This is how empires rise and fall, pulling our fortunes along with them. Start with virgin territory: back in 1957, the Rosen brothers of Baltimore flew over Cape Coral, Fla., in a plane, liked what they saw, paid $678,000 for the farmland and started dredging 400 miles (640 km) of canals, which is more than Venice can claim. It was a peaceful place for old people Cape Coma, folks called it, until about five years ago, when the gold rush began. College kids were waiting tables to buy condos and flip them; speculators got into bidding wars on unbuilt houses; the price would triple just in the time it took to build. Numbers made no sense; people got drunk and reckless. And then they got crushed. Cape CoralFort Myers, once the third fastest growing metro area in the country, last year became the foreclosure capital of America.
Marc Joseph grew up here, the Realtor son of a Realtor dad. He watched the market go mad and had his revelation: now is the moment to get back in and stake your claim. At 41, he did not expect to be driving around Cape Coral in an old church bus that he bought off Craigslist, painted dollar green and emblazoned with the motto "ForeclosureToursRUs.com." But most people had no idea how to buy a house from a bank, and many were too scared to try, so he decided to lead tours of the new economic frontier. He is a revivalist for this apocalyptic age, living an American story as old as the pilgrims and the 49ers and every pioneer who ever saw opportunity where everyone else saw only ruin. (See pictures of Americans in their homes.)
This morning he has prospective snowbirds from Spain, Ontario ("We just can't ignore these prices"), Boston and Mingo Junction, Ohio, where another steel mill is about to close. "Opportunity is banging at your door," Joseph tells them, and he'd sound like any cheesy salesman if he weren't so attached to this place and so angry at what was done to it; it's as if his house had been burned down by reckless kids playing with matches and he's building it back up again board by board. It's gotten so bad that the courts have had to hire extra judges to handle the 1,000 foreclosures a day that works out to roughly one every 30 seconds.
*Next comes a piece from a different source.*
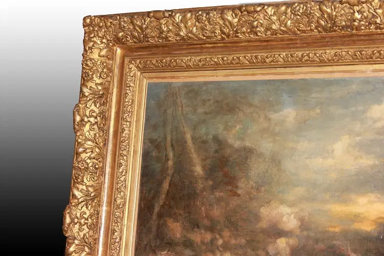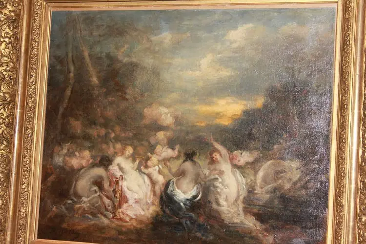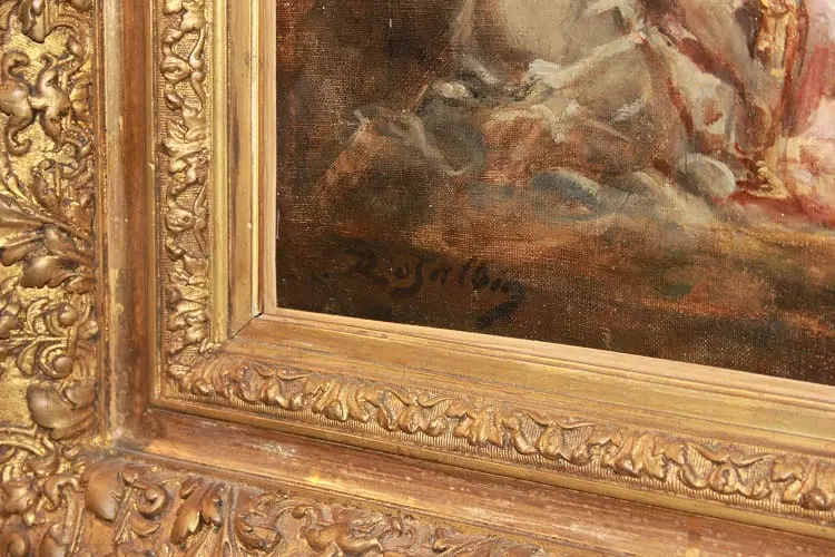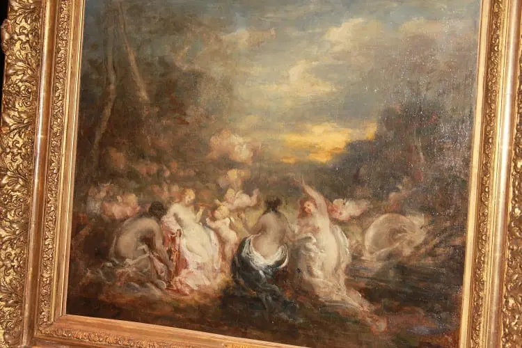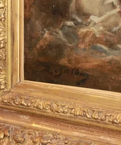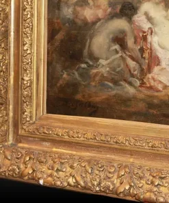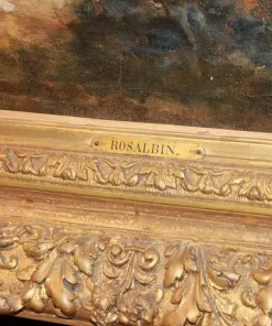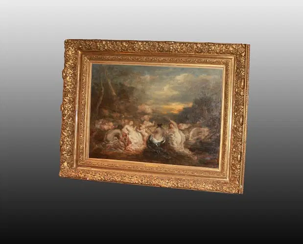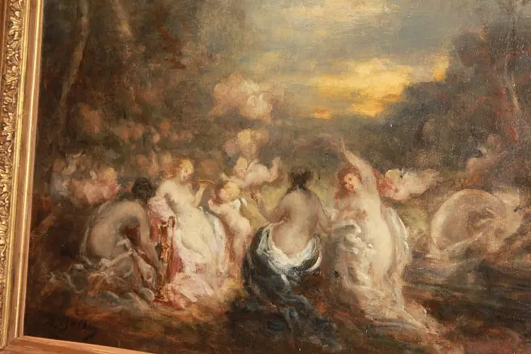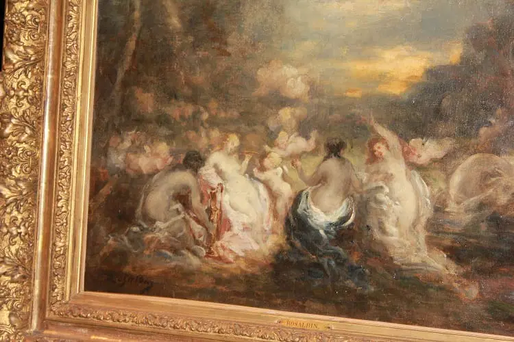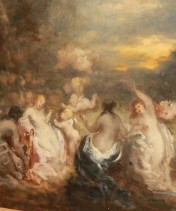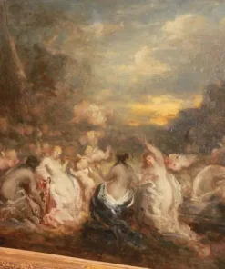 Olio su tela francese di metà 1800 raffigurante Baccanale con Ninfe firmato Marie – Abraham Rosalbin de Buncey 1833 – 1891, famosa per i suoi paesaggi boschivi scuri combinati con radure luminose e donne nude e/o Venere (nello stile di Narcisse Virgilio Díaz). Il tema, ripetutamente affrontato dall’artista, si sposa perfettamente con l’accademismo dal sapore pagano del pittore, evidenziando la sua predilezione per forme levigate e sensuali, così come le sottili esplorazioni del ritmo e le licenze “pittoresche”.

But those expecting to see buzzards circling overhead will be surprised. As quickly as one myth dies, another rises in its place, and Joseph is an oracle. It's when you buy that determines what money you make, he tells the fortune hunters on his bus. "A scary time? I'd say it's an opportunity. But it wouldn't be an opportunity if it weren't a scary time," he says. The speculators are back but they've changed; he has investors up North who are buying houses sight unseen, for cash. (The conditions? No mold, no Chinese drywall.) And then there are the newly pissed off and liberated: the guy in his 40s who's tired of watching his IRA shrivel, who calls and says, "I'm coming down," who wants six houses at $50,000 each, nice flat homes that he can rent to people who are sick of shoveling snow or climbing stairs. That's less than the land used to sell for; it's as if you get the house for free.
As Joseph talks, you can practically feel the energy rising. This is still Florida; the sun is still shining; how clear is your vision? Gina, a special-ed teacher, and her husband Kurt, a contractor, have already missed out on two houses because they didn't bid fast enough. "Now it's every man for himself," Kurt says. "You have to play fair, put in a decent price." And then, just maybe, there will be rewards for the patient and prudent. "Someone else's loss," he says, "is another's blessing."
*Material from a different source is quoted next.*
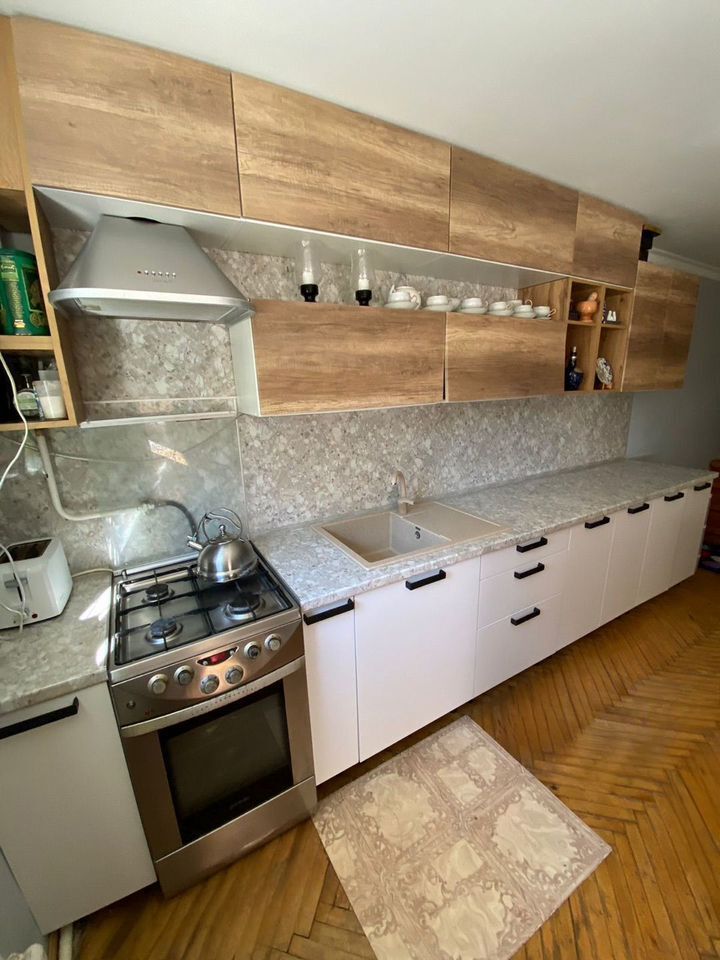 В кухне - гостиной установлен новый встроенный кухонный гарнитур.

Having started the day with a tidy $65,000 three-bedroom ranch (down from $260,000), we end up at a Miami Vice house fireplace in the master bedroom, sailboat access, with a pool on the upstairs deck that overflows in a waterfall into the pool downstairs, and a man cave hidden behind a swinging bookcase. Gina spots signs of water damage; they'll just have to keep looking for their promised land. "The Great Depression only happens once every 100 years or so," she says, "and I don't expect to be around for the next one."
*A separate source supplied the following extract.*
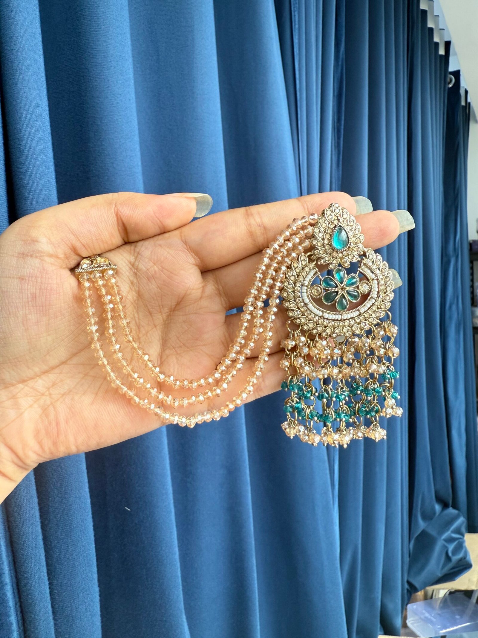 Be the first to review “Supriya Crystal Earrings With Kaan Chain – Teal Green”

You can look at this many ways. The TV crews from as far away as Germany and Japan come to cruise with the vultures. The greedy got punished, the new prospectors say. But maybe this is just how the life cycle has to work to restore balance to the world. Painted on the side of the green bus is a house being sprinkled with a watering can ("Watch your investment grow!") and a tree with dollar bills hanging on it. Anything can grow here in all this hope and sunshine, if you bury your fear deep enough.